Note the $OPENSHIFT* provided constants so that you don’t have to figure out the actual host, port, username and password you are on which is especially helpful in a cloud environment running on multiple nodes. Once you import, you can check the files and add a geospatial index, which is required for the geospatial queries as follows:

$ mongo
> use dogtag
> db.dogtags.find() //will return results
> db.dogtags.find().forEach( function (e) { e.coords = [ e.longitude, e.latitude ]; db.dogtags.save(e); }); //will add the required format for a coordinates field to index
> db.dogtags.ensureIndex( { coords : “2d” } ) //indexes the coords field for geospatial queries
> exit

Now, if you go to the URL again you will have JSON data returned in a JSONP callback. You can change the callback simply by adding &callback=[your callback name]. This is necessary to prevent cross-site scripting issues and required when using the JSONP proxy in Sencha Touch.

Deploying the Mobile App

Since the Mobile App was created with Sencha Touch, I just used a “DIY” (Do it yourself) app from OpenShift to deploy my app there. The process is very similar:

$ rhc app create -a dogtags -t diy-0.1

This creates a very basic Web app. You can cd to the “diy” directory that is created and copy the code from the Mobile app there. It will prompt you to replace index.html, which is fine. There is one thing you need to do in the existing code; you will need to update the store’s proxy to point to your “dogtag” node.js app you created in the previous section as well as the Pettracker controller which also has these references. To do that, simply update the URL with the one OpenShift provides and append “dogtag” on the end to get the list as follows:

 proxy: {  
       type: 'jsonp',  
       url: 'http://nodetest-loutilities.rhcloud.com/dogtag',  
       reader: {  
           type: 'json',  
           idProperty: '_id',  
           rootProperty: 'records',  
           useSimpleAccessors: true  
       }  
}  

Lastly, use git to push the updates to the server. It will deploy the new code and restart the server. Launch your app from a Webkit browser or from your mobile device and you should be in business similar to what you see here.

Once the app is deployed to OpenShift, you can tail the logs by running the following:

$ rhc app tail -a <app-name>

You can also start and stop the server as follows:

$ rhc app [start | stop ] -a <app-name>

And to snapshot a particular revision and go back to it you run the following:

$ rhc app snapshot save -a <app-name>

$ rhc app restore -a <app-name> -f <path to snapshot file>

Conclusion

I hope you found this three part series useful. In addition to creating a Node.js app and front-ending it with a Mobile application, you saw how easy it is to deploy such an application to the cloud.
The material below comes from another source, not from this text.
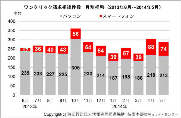 2014年4月・5月にかけてIPAに寄せられたワンクリック請求の相談件数は合計593件で、そのうちスマートフォンでのワンクリック請求に関する相談件数は合計162件と3割を占めている。これはスマートフォンの普及によって子どもから大人まで世代に関係なく気軽にインターネットを閲覧できる環境が整ってきたためと考えられるという。
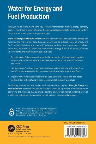 Water, in all its forms, may be the key to an environmentally friendly energy economy. Water is free, there is plenty of it, plus it carries what is generally believed to be the best long-term source of green energy-hydrogen. Water for Energy and Fuel Production explores the many roles of water in the energy and fuel industry. The text not only discusses water's use as a direct source of energy and fuel-such as hydrogen from water dissociation, methane from water-based clathrate molecules, hydroelectric dams, and hydrokinetic energy from tidal waves, off-shore undercurrents, and inland waterways-but also: Describes water's benign application in the production of oil, gas, coal, uranium, biomass, and other raw fuels, and as an energy carrier in the form of hot water and steam Examines water's role as a reactant, reaction medium, and catalyst-as well as steam's role as a reactant-for the conversion of raw fuels to synthetic fuels Explains how supercritical water can be used to convert fossil- and bio-based feedstock to synthetic fuels in the presence and absence of a catalyst Employing illustrative case studies and commercial examples, Water for Energy and Fuel Production demonstrates the versatility of water as a provider of energy and fuel, conveying the message that as energy demand and environmental concerns grow, so should our vigilance in pursuing the role of water in the energy landscape.

Mobile GeoLocation App in 30 minutes – Part 2: Sencha Touch

Overview

This is the second part of a three part series to show how we can use Sencha Touch (a mobile web JavaScript framework) to create the GUI to integrate with our Node.js REST API that we built in Part 1. As you may recall from the previous post, I’m tracking dogs and storing their coordinates in a MongoDB. Now we will create a mobile app that will list the dogs and when selected will show them on a Google Map relative to your current location. Let’s get started.
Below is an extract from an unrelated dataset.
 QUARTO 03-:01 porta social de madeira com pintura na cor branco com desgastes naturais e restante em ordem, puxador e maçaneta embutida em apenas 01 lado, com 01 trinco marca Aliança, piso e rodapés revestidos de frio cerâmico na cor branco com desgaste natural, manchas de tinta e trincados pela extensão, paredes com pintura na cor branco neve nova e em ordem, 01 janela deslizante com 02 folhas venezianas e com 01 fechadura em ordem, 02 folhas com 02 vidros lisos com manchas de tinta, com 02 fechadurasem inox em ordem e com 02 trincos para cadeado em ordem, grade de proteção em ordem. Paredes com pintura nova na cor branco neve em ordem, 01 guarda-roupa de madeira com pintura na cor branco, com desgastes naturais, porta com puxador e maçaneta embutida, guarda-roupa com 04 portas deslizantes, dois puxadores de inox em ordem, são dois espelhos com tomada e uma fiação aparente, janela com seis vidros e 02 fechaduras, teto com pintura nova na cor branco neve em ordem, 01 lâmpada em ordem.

Connecting to Node.js using MVC

Connecting to Node or really any REST/JSONP service is fairly trivial. Since Sencha Touch supports MVC on the client side, I will illustrate how to create the application using that approach. This is very useful because it keeps with one of the main programming tenets: Separation of Concerns. In this way we can create concise JavaScript applications that break-up the application along the lines of model, view and controller components. First step is to create the model as follows:

Ext.define('MyApp.model.Pet', {
    extend: 'Ext.data.Model',
    config: {
        fields: [
            {
                name: 'name'
            },
            {
                name: 'description'
            },
            {
                name: 'longitude',
                type: 'float'
            },
            {
                name: 'latitude',
                type: 'float'
            },
            {
                name: 'coords'
            },
            {
                name: 'date',
                type: 'date'
            },
            {
                name: '_id'
            }
        ]
    }
});

Notice above that I’m defining a “Pet” model by extending the Ext.data.Model class and assigning the fields to the model. Additionally, I set types as needed so they aren’t considered strings. Next, we create the store that will populate the model:

Ext.define('MyApp.store.PetTracker', {
    extend: 'Ext.data.Store',
    requires: [
        'MyApp.model.Pet'
    ],
    config: {
        autoLoad: true,
        model: 'MyApp.model.Pet',
        storeId: 'PetTracker',
        proxy: {
            type: 'jsonp',
            url: 'http://localhost:8080/dogtag',
            reader: {
                type: 'json',
                idProperty: '_id',
                rootProperty: 'records',
                useSimpleAccessors: true
            }
        }
    }
});

The PetTracker Store uses a JSONP proxy and binds the output of the service to the model we previously created. Notice, that I simply put the URL to the Node.js URL binding that will list out all dogtags and use a JSON reader to put them in the model.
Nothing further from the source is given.